His place was taken by a man of unprepossessing manners and abrupt activity—Pigeon was his name. There was a certain mystery about his past. Some said that he had once been a spy in the pay of the Russian police; others, that he had been a proctor’s bulldog at Oxford; others, that he had been a Scotland Yard detective. At all events, there could be no doubt that it was as a detective that he was brought by the “New Gus” to Chiltern. A porter is assumed to possess tact; but Pigeon had none—no gift of shutting his eyes on occasions when eyes are better shut. And so it came to pass that he discovered Mr. Chowdler’s Prætor smoking among the rhododendrons in Colonus, and reported him to the headmaster.

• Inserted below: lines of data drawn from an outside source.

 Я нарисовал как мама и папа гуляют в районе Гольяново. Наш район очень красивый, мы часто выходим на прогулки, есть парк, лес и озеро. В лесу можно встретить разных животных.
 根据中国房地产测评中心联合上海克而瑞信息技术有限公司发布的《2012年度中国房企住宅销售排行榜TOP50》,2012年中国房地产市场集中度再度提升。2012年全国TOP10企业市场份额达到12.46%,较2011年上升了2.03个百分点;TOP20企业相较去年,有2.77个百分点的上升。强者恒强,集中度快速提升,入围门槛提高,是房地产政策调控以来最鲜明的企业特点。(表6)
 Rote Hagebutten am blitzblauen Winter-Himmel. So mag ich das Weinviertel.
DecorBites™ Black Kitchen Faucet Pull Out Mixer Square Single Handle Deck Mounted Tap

At Chiltern the captain of every house was called its “Prætor” and wielded vast authority. In a post for which character was the prime consideration, position in the school was only of secondary importance. Hence it happened that, though le Willow had with difficulty fought his way into the senior Fifth, he was Prætor of Mr. Chowdler’s house. But, though not distinguished intellectually, he was captain designate of the eleven for the succeeding year, a very fair change bowler, and a bat with a most taking style. He enjoyed the entire confidence of his housemaster and the respect of his fellows. It was regrettable, therefore, from every point of view, that he should have been smoking behind the rhododendrons in Colonus; and still more regrettable that, having been smoking, he should have been discovered.

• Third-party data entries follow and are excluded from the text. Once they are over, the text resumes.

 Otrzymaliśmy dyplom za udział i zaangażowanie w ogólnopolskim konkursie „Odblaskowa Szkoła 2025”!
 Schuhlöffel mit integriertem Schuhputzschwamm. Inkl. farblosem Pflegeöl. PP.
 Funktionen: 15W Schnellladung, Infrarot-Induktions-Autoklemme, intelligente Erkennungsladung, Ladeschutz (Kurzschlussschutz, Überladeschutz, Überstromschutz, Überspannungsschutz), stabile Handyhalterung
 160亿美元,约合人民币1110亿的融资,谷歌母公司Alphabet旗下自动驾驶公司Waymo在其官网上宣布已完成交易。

Enough has been said already of Mr. Chowdler to make it clear that he was adamantine on the question of discipline. But it was a matter of common observation amongst his colleagues that his attitude towards offences underwent a considerable change when the offender was one of his own boys. This is a species of infirmity to which parents and housemasters are peculiarly liable. In Mr. Chowdler’s case it took the form of a conviction that, though “his lads” might be technically in the wrong, they were morally quite sound; and he always held that punishment ought to take account of the character of the offender. He was really pained by le Willow’s “thoughtlessness”; but there were extenuating circumstances. The boy was encouraged to smoke at home, and he had one of those muddled old heads that find it so difficult to draw the distinction between home and school; especially when the home is a good one. The poor old fellow had admitted to him (Chowdler), with a shake of his poor old head and a look in his poor old eyes which was really pathetic, that he knew he was a “blighted ass.” He was, in fact, just the kind of boy for whom justice should be tempered with mercy.